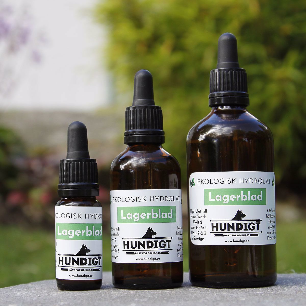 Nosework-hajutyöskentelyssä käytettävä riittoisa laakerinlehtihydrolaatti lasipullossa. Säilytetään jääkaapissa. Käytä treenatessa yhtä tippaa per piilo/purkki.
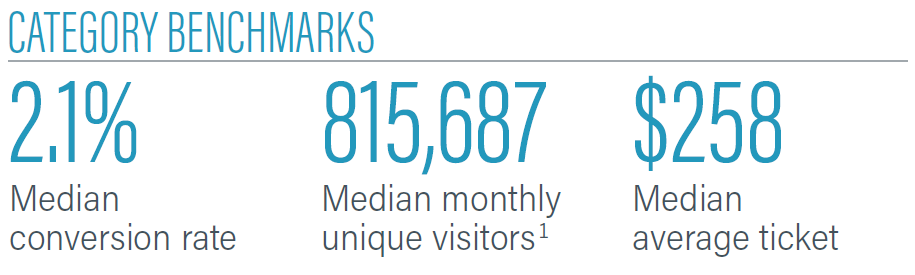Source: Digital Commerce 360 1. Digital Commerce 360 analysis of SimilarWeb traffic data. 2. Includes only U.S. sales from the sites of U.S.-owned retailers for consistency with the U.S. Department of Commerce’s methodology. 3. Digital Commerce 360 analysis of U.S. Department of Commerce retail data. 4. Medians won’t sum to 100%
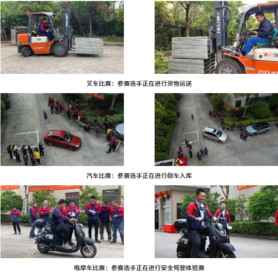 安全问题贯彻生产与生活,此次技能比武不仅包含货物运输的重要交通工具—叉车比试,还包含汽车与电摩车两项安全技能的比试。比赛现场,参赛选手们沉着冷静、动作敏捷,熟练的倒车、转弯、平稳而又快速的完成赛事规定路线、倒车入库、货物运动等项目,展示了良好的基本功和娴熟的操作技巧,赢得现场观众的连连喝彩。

---*---

Problem to solve: Give the listing above again word for word, without its pictures.

Answer space:
 Nosework-hajutyöskentelyssä käytettävä riittoisa laakerinlehtihydrolaatti lasipullossa. Säilytetään jääkaapissa. Käytä treenatessa yhtä tippaa per piilo/purkki.
Source: Digital Commerce 360 1. Digital Commerce 360 analysis of SimilarWeb traffic data. 2. Includes only U.S. sales from the sites of U.S.-owned retailers for consistency with the U.S. Department of Commerce’s methodology. 3. Digital Commerce 360 analysis of U.S. Department of Commerce retail data. 4. Medians won’t sum to 100%
 安全问题贯彻生产与生活,此次技能比武不仅包含货物运输的重要交通工具—叉车比试,还包含汽车与电摩车两项安全技能的比试。比赛现场,参赛选手们沉着冷静、动作敏捷,熟练的倒车、转弯、平稳而又快速的完成赛事规定路线、倒车入库、货物运动等项目,展示了良好的基本功和娴熟的操作技巧,赢得现场观众的连连喝彩。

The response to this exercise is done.